**EXERCISE INPUTS:**
======

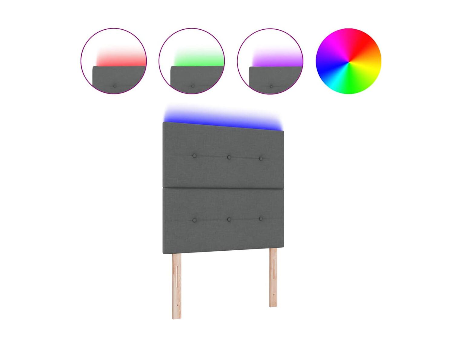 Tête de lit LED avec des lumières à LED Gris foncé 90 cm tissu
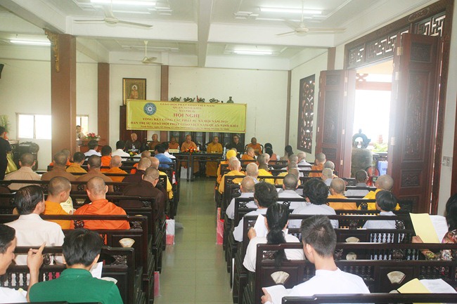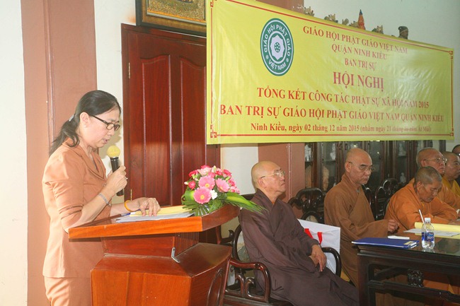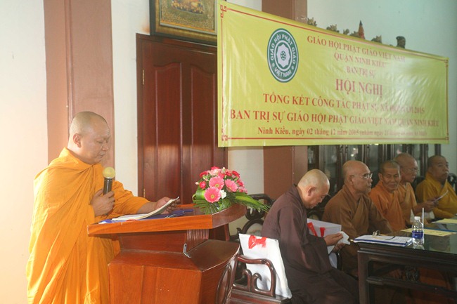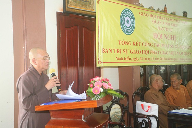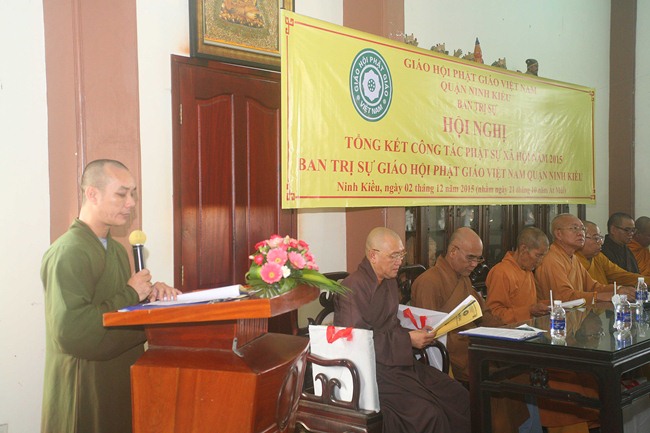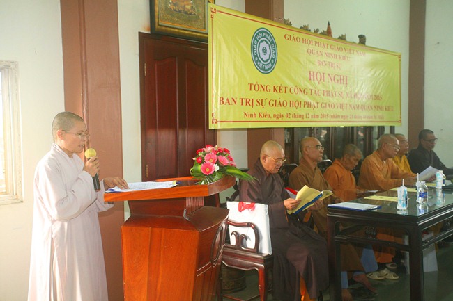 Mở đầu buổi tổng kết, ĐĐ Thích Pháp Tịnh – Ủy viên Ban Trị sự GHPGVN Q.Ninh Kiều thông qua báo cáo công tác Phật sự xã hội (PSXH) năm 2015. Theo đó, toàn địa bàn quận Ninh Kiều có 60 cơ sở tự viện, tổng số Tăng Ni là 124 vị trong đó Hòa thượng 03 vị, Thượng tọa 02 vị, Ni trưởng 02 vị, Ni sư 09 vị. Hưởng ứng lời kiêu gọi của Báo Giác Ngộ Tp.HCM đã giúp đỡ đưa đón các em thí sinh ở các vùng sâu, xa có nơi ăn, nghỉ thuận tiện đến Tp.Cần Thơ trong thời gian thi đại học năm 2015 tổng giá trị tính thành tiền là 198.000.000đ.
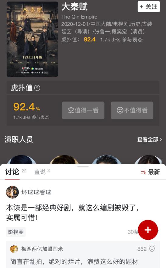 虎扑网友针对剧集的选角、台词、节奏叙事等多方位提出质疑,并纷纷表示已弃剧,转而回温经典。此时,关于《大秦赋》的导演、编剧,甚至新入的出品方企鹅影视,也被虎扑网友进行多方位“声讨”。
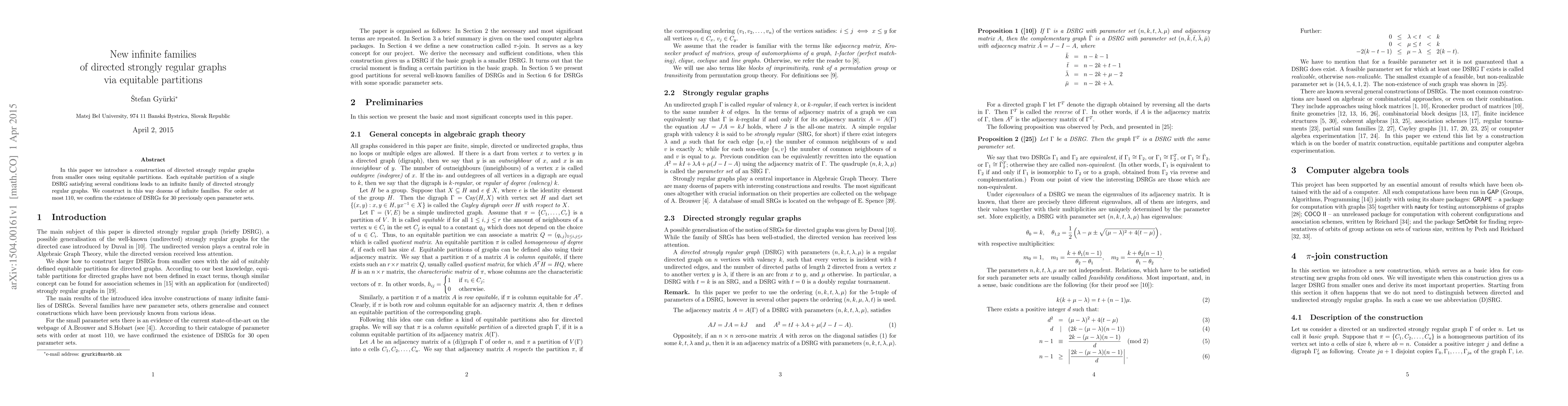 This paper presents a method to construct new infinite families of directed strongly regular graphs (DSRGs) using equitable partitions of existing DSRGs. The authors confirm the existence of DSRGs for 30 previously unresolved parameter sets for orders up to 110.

======

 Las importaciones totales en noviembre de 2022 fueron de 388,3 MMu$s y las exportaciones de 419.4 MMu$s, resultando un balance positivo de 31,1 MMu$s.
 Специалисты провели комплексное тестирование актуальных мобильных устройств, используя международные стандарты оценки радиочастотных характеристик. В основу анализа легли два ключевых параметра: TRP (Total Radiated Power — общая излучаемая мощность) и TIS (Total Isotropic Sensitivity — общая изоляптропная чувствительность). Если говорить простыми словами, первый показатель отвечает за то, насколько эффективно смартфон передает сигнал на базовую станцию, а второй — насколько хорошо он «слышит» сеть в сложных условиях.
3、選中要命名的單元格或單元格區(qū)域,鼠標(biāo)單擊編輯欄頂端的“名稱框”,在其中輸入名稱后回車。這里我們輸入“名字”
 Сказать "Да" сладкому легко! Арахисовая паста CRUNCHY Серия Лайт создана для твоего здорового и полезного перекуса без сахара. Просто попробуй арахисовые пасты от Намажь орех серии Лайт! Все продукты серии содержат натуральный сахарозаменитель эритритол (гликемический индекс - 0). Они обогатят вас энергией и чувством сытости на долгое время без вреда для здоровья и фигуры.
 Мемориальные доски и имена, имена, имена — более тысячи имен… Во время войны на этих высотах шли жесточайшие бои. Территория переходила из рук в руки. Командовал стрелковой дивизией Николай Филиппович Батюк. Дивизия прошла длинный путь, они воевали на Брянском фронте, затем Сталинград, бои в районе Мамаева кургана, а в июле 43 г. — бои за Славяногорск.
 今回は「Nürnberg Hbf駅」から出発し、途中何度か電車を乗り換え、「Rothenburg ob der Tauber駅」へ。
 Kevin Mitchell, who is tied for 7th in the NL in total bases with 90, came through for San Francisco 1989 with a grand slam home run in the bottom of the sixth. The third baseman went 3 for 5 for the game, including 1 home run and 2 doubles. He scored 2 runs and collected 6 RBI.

======

**HOW TO COMPLETE THIS TASK:**
A word-for-word copy of the lines above from the one with "Мемориальные доски и" through the one with "Kevin Mitchell, who", inclusive, is the only output wanted.

**EXERCISE SOLUTION:**
 Мемориальные доски и имена, имена, имена — более тысячи имен… Во время войны на этих высотах шли жесточайшие бои. Территория переходила из рук в руки. Командовал стрелковой дивизией Николай Филиппович Батюк. Дивизия прошла длинный путь, они воевали на Брянском фронте, затем Сталинград, бои в районе Мамаева кургана, а в июле 43 г. — бои за Славяногорск.
 今回は「Nürnberg Hbf駅」から出発し、途中何度か電車を乗り換え、「Rothenburg ob der Tauber駅」へ。
 Kevin Mitchell, who is tied for 7th in the NL in total bases with 90, came through for San Francisco 1989 with a grand slam home run in the bottom of the sixth. The third baseman went 3 for 5 for the game, including 1 home run and 2 doubles. He scored 2 runs and collected 6 RBI.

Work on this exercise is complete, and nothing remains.